Comparing Mohseni Ejei to commander of SS in Nazi Germany, Heinrich Himmler, Baghei noted, “His motto was also ‘send the others to forced labor camps or sanatoriums”.

Furthermore, Baghaei lamented, “It is true that the SS has been buried and Himmler is waiting to be severely punished for his actions in the world beyond ours, but, his thoughts and mottos are still live and kicking among some people who follow his footsteps”.

The war of words between judiciary and Ahmadinejad’s camp has been going on for weeks, while the Supreme Leader, ayatollah Khamenei has apparently decided to stay away from it.

Nevertheless, Tehran's Friday Prayer leader recently called on the Iran's authorities to avoid airing their dirty laundry in public.

Speaking at Friday Prayer ceremony on December 22, ayatollah Mohammad Emami Kashani cautioned, “The problems [between the country’s leading figures] should not be publicly tabled. Some elders should be selected to weigh your words against the other’s side and address the problem.”

Kashani, 86, is known for his mild manners, yet Mohseni Ejei angrily dismissed his proposal.

“What [nonsense] is arbitration? These cases tabled [by Ahmadinejad et al] definitely deserve to be legally tackled. Spreading lies and creating marginal themes will never stop judiciary fulfilling its duty”, Mohseni Ejei retorted.

Nonetheless, Ahmadinejad still insists that judiciary’s head, ayatollah Sadegh Amoli Larijani is a “greedy, land-grabbing tyrant” and a totally “unjust” figure who should immediately resign as chief-justice, otherwise the whole ruling system would collapse.

The head of judiciary in the Islamic Republic is directly appointed by the Supreme Leader for five years, renewable for another five.

Sadegh Amoli Larijani’s term as the head of judiciary ends in August 2019.

The war of words between Ahmadinejad and judiciary flared up when Baghaei was detained last June charged with financial corruption. Baghei was later released on a heavy bail.
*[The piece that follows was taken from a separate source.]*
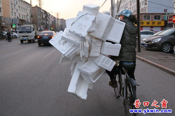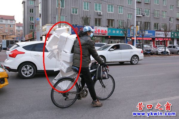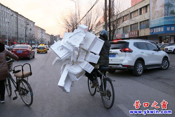 (營口之窗網(wǎng)訊 李凱)昨天傍晚時分,在營口市區(qū)西部,一女子騎自行車左手拎一串廢棄的泡沫箱,搖搖擺擺行進在快車道上,路人都替她捏把汗。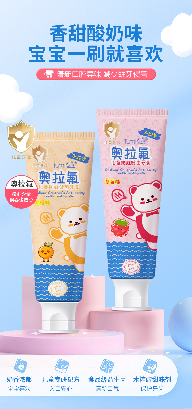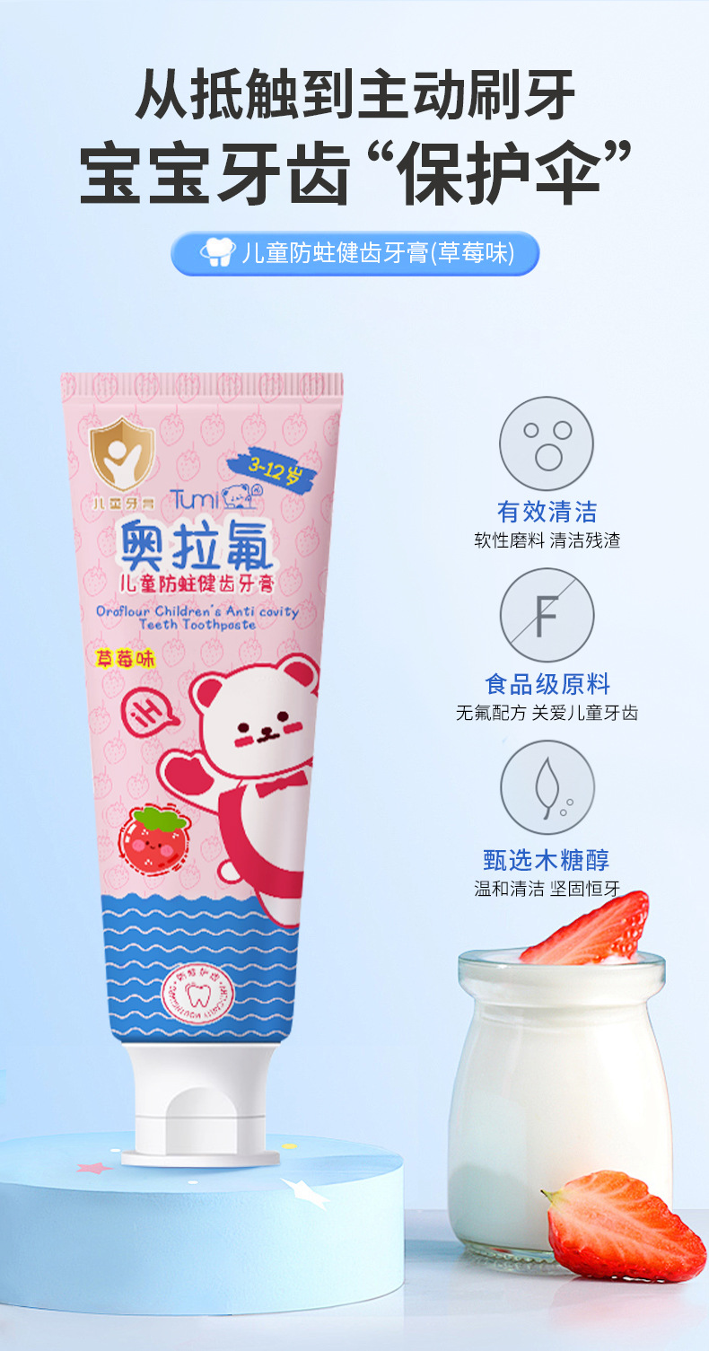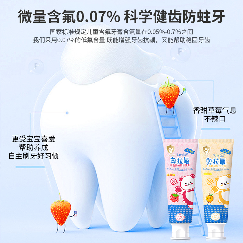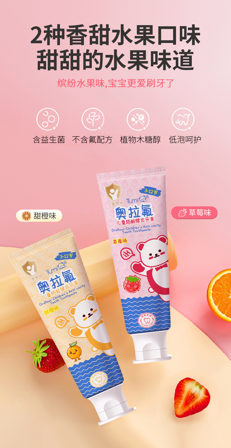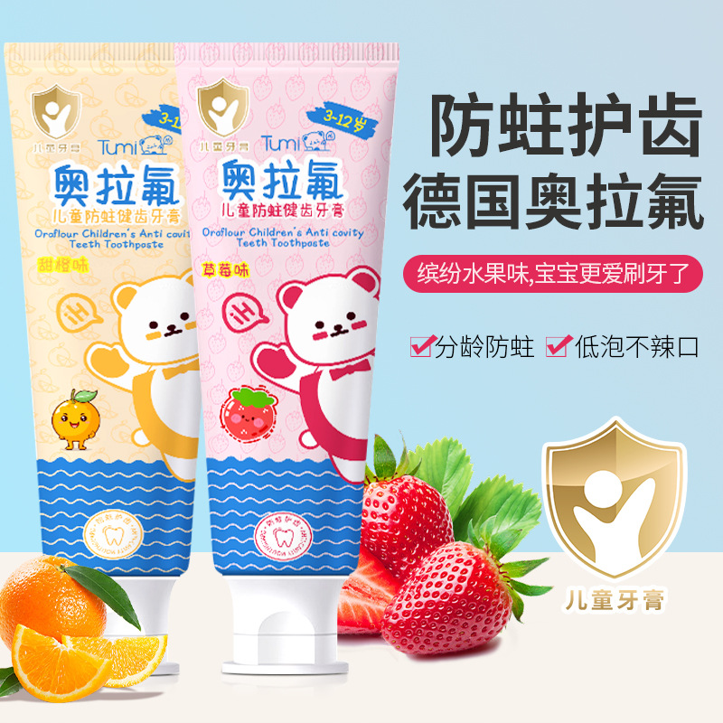 Детская зубная паста Tumi Bear - тюбик, сладкий апельсин (1421); Детская зубная паста Tumi Bear - Тюбик Клубника (1414)

Meanwhile, according to a former member of Iran’s parliament, there are seven definitive legal verdicts issued against former President Mahmud Ahmadinejad, who is charged with financial violation worth around $3 billion, asserts a former member of the Iranian Parliament.

In a note for Khabaronline, a news website close to the speaker of the parliament Ali Larijani (Amoli Larijani’s older brother), Fazel Mousavi said he received the report from well-informed sources.

The Iranian Parliament’s Audit Court has also announced that Ahmadinejad, in the last 18 months of his presidency, spent 4.6 trillion Tomans or approximately $1.3 billion of Iran’s oil income illegally.

The court ordered the former president to repay the money, according to the parliament’s website. The ruling said that during his tenure, Ahmadinejad spent oil revenues without proper transfer from the Oil Ministry to the treasury.

Although the court found Ahmadinejad directly responsible, it has issued no other measures against him.

The Audit Court has limited powers of punishment. It can reduce an official’s pay or at most fire officials from government jobs but is not empowered to issue harsher verdicts.